The second day of William Carey's youth basketball camp brings in about 45 male and female participants, setting the stage for a battle of gender supremacy.
In one friendly competition, boys and girls line up on opposite sides of the court in a seated position, passing the ball down the line until the whistle blows.
The two players left holding a ball then sprint to opposing baskets, with the first camper to make a lay up eliminating a member of the opposition.
The last two players remaining decide the winner by duck crawling to half court, then racing to make a lay up from their knees.
While 15-year-old camper Zach Johnson can dunk, the boys still fell short to the girls, who were led by the Lady Crusaders.
Aside from friendly competition, campers, coaches and players say gender dynamics don't factor into the overall camp experience.
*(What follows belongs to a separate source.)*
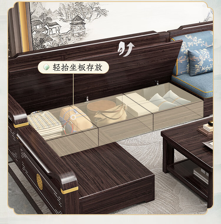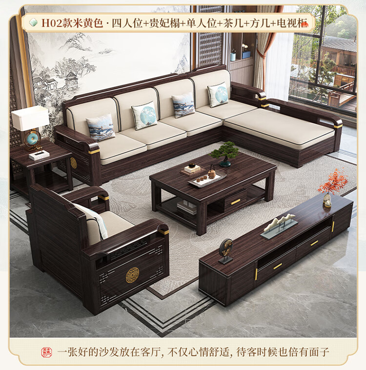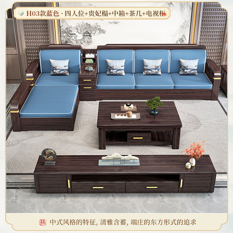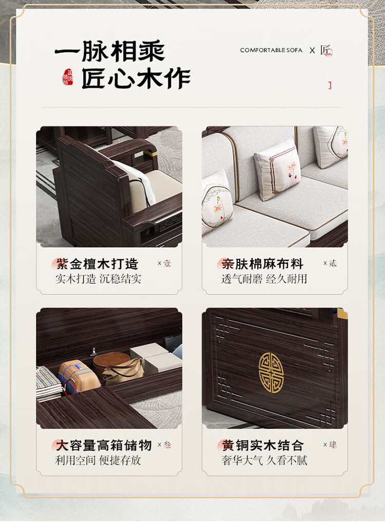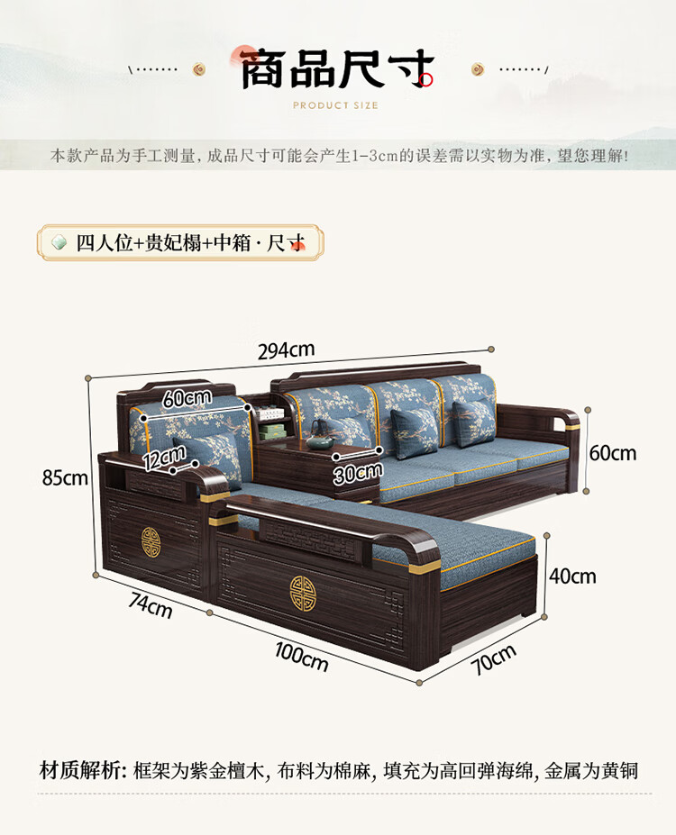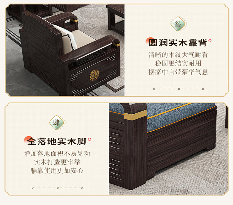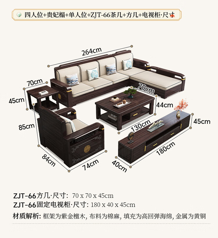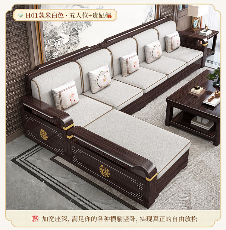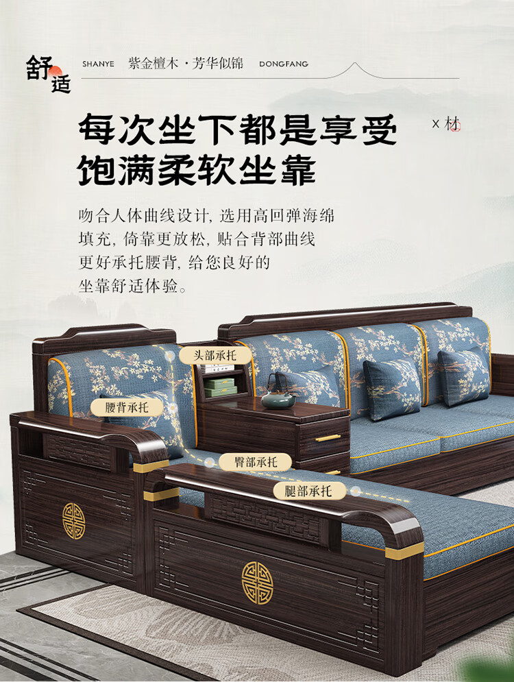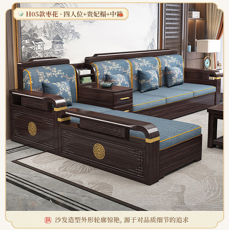 Chinese Family Sofa Solid Wood Sofa Purple Gold Sandalwood New Chinese Style Living Room Large and Small Household Winter and Summer Storage Furniture Four Seats + Imperial Concubine + Long Coffee Table Limited Loss of 10 Sets Combination Free Upgrade Cat Scratch Leather Cushion

"To me it feels the same," says 7th grade camper Lauren Seymarth.
"We all have to go through the same things to get to a scholarship - girl or boy - so it doesn't matter," says 11th grade camper Johnson.
"That's something that the girls and boys will remember is having an actual player give some instruction to them," says William Carey assistant men's basketball coach Scotty Fletcher.
"It really doesn't matter to me. I mean I almost kind of like the boys because the boys are more competitive. They have that more competitive spirit about them, but I'm a girl so of course I'm more biased towards girls," says William Carey senior shooting guard Lauren Douglas.